Conservation at the Natural History Museum of denmark
Introducing the conservation team at the Natural History Museum of Denmark
Head of Conservation
Bethany is the Head of the Conservation Unit. She specializes in the conservation and restoration of taxidermy and osteological collections. Her main hobby is music and she loves seeing bands, playing guitar, and singing karaoke!
Mikkel Høegh Post
Mikkel has been a conservator at the Natural History Museum of Denmark for 20 years, working in exhibition and collection management. He is now preparing specimens (mainly skeletons and skulls) for exhibitions. He specializes in macerating and preserving complicated fragile skeletal structures for scientific study. At home, he is an enthusiastic wildlife watcher and a keen hobby photographer, focusing particularly on birds and butterflies.
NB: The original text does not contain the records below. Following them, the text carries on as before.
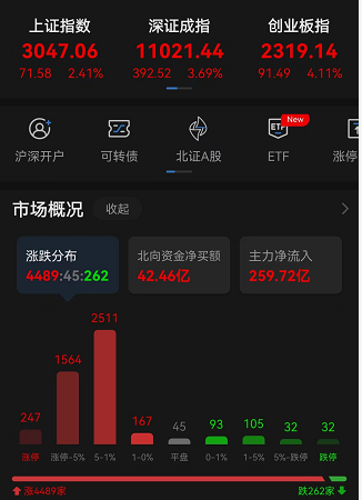 受政策面利好提振,A股三大指数午后大幅拉升。沪指收复3000点关口,收涨2.41%;深成指、创业板指双双涨逾3.5%。互联网、房地产、半导体、券商板块等午后直线拉涨,电商板块掀涨停潮。港股也应声大涨,恒生科技指数收涨9.96%,恒生指数涨4.01%,阿里、京东、美团等互联网巨头集体涨超15%,腾讯控股涨超11%。
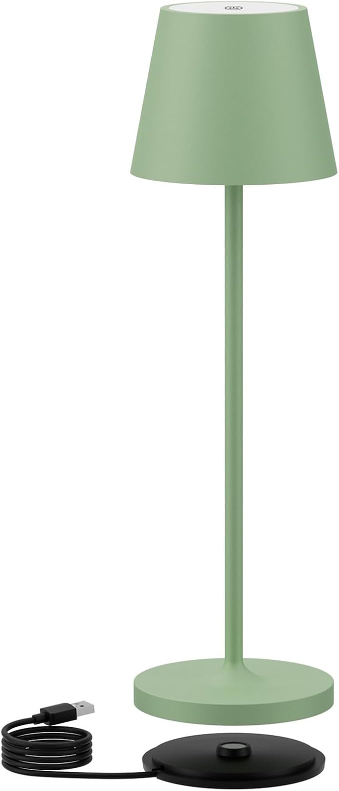 Ralbay IP54 Aluminum Cordless Rechargeable Table Lamp LED Modern Battery Operated 4800mAh Waterproof Portable Stepless Dimmable Desk Lamp for Restaurant/Bedroom/Camping/Outdoor (Green)
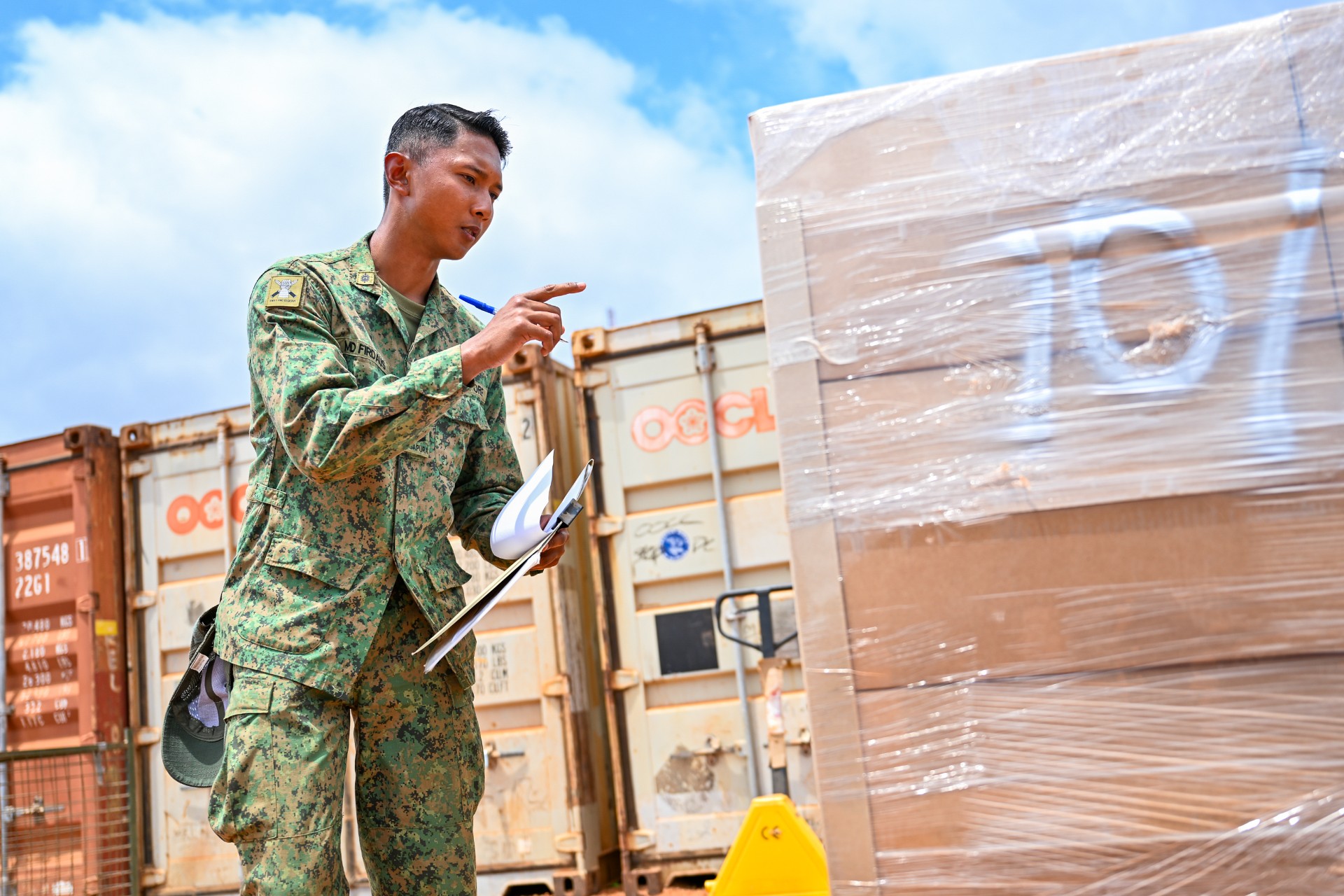 CFC Muhammad Firdaus checking stores at Camp Tilpal. He has enjoyed working with multiple entities over the course of XWB, while seeing first-hand the SAF’s full capabilities being exercised in SWBTA.

Conservator of Geological Collections
Zina studied at the Danish School of Conservation (Royal Academy of Fine Arts), specialising in the conservation of geological specimens. She has worked at different geological conservation centers in Denmark, preparing fossils and minerals, casting, developing exhibitions and undertaking field work. She also conserved and restored whale skeletons at the University Museum in Bergen, Norway. Returning to the field of geology as a collection manager here at the Natural History Museum of Denmark for the last 10 years she has received great experience in handling and preserving minerals, meteorites and hard rocks.
Abdi has a Masters degree in natural history conservation from the Danish School of Conservation. He has worked full time in every corner of the museum since 2001, from collections and exhibitions, to fieldwork in the Arctic, East Africa and USA. Abdi has experience in preparing a variety of specimens, from pinned butterflies to beached whales. He has many years of experience in performing public dissections. Having three kids, Abdi has no spare time, but he loves music and books.
Nicole arrived to Copenhagen from New York City, where she has worked at American Museum of Natural History in science conservation for the past two years. She graduated from the Conservation Center of the Institute of Fine Arts, NYU in 2021, having earned two Masters degrees, a MS in the Conservation Historic and Artistic Works and a MA in the History of Art and Archaeology. In her free time, Nicole likes to hike with her 3 year old miniature Australian shepherd.
Anastasia van Gaver
Anastasia studied in France and England and is specialised in organic materials conservation. She has a particular interest for ethnographic objects, wet specimens and taxidermy mounts, which she developed while working as a conservator at the British Museum, London, and the University Museum of Zoology, Cambridge. In her spare time, she enjoys bouldering and spending time with her cat.